Just make sure you also understand what you are studying. Don't kill yourself for studying too much...don't get burn out

I would suggest 30 mins (max) 5 days a week for 2 months is more than enough for FE...you are just out school under 3 years. ..


----------



## moodusyeah

iwire said:


> Just make sure you also understand what you are studying. Don't kill yourself for studying too much...don't get burn out
> 
> I would suggest 30 mins (max) 5 days a week for 2 months is more than enough for FE...you are just out school under 3 years. ..


Thanks for the advice. I have been going hard all week between studying and work and I can feel myself getting burned out already. I'll take your advice and cut back. It isn't worth trying to relearn and refresh on concepts when I'm tired and it won't stay in my brain :reading:


----------



## DanHalen

The FE Exam is a tough exam. I know many people I went to college with that had to take it a few times (some five or six tries) before they passed. I failed it during my last semester in college. Six years after graduation I finally knuckled down and got busy.
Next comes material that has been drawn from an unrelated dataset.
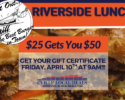 Score a delicious deal with Cville Local Deals! Just $25 gets you $50 to spend at Riverside Lunch—yep, DOUBLE the flavor for half the price! Grab your gift certificates Friday, April 10th at 9AM—but don’t wait, these will go FAST!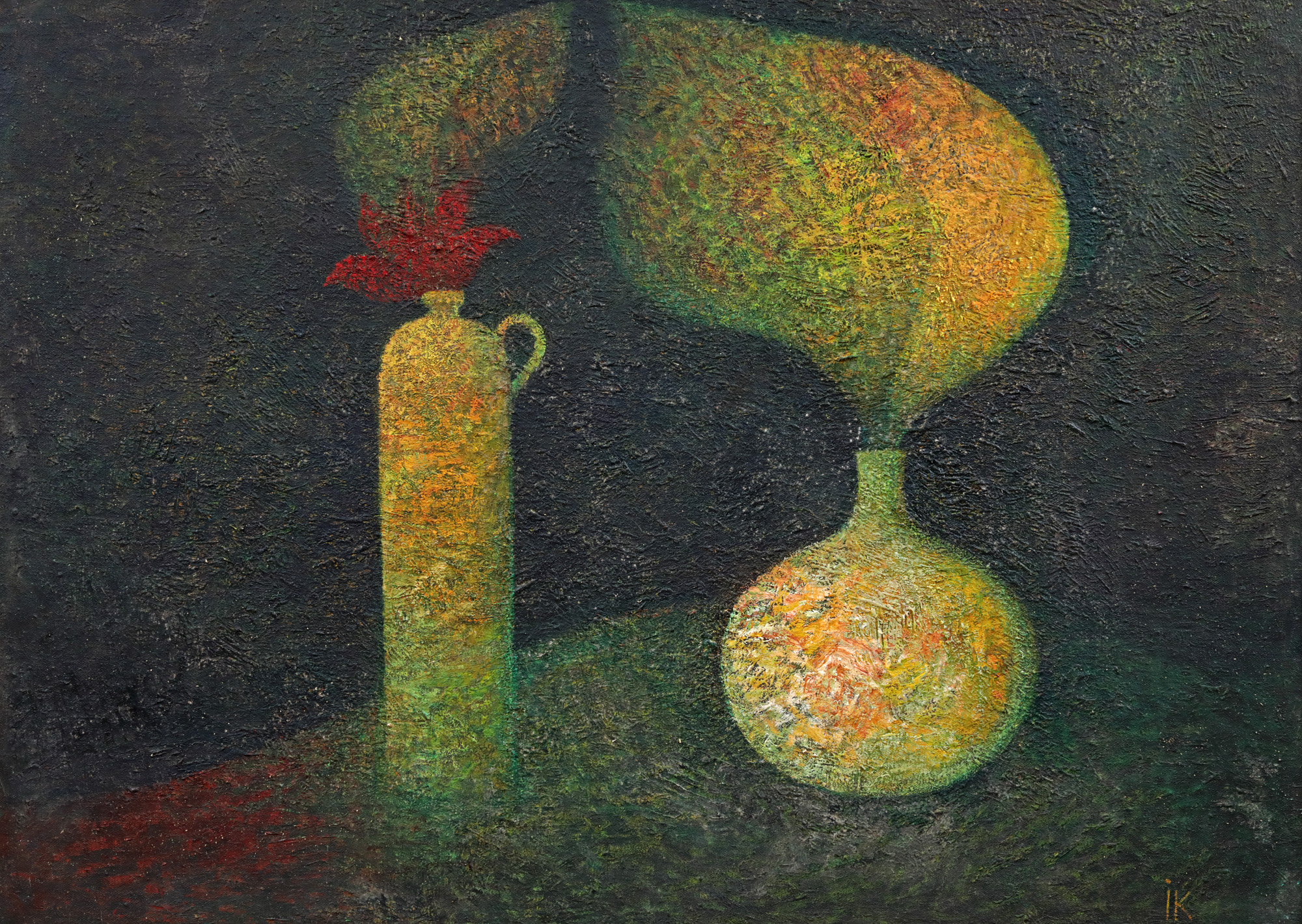 semnat dreapta jos, cu ocru, "IK"

I took a prep class and didn't really study much of anything else. When I took the exam I developed a plan that is a hybrid between strategies I read about. I divided the exam in to three parts:

I. Class I problems are problems you know the answer/how to solve immediately without having to open your equation book. Do those first. They are the low hanging fruit that will help you succeed.

II. These are problems you know the answer to/how to solve but you need to take a little more time because you have to look up an equation or value from a table in the equation book. Do these problems on your second pass after completing all Class I problems.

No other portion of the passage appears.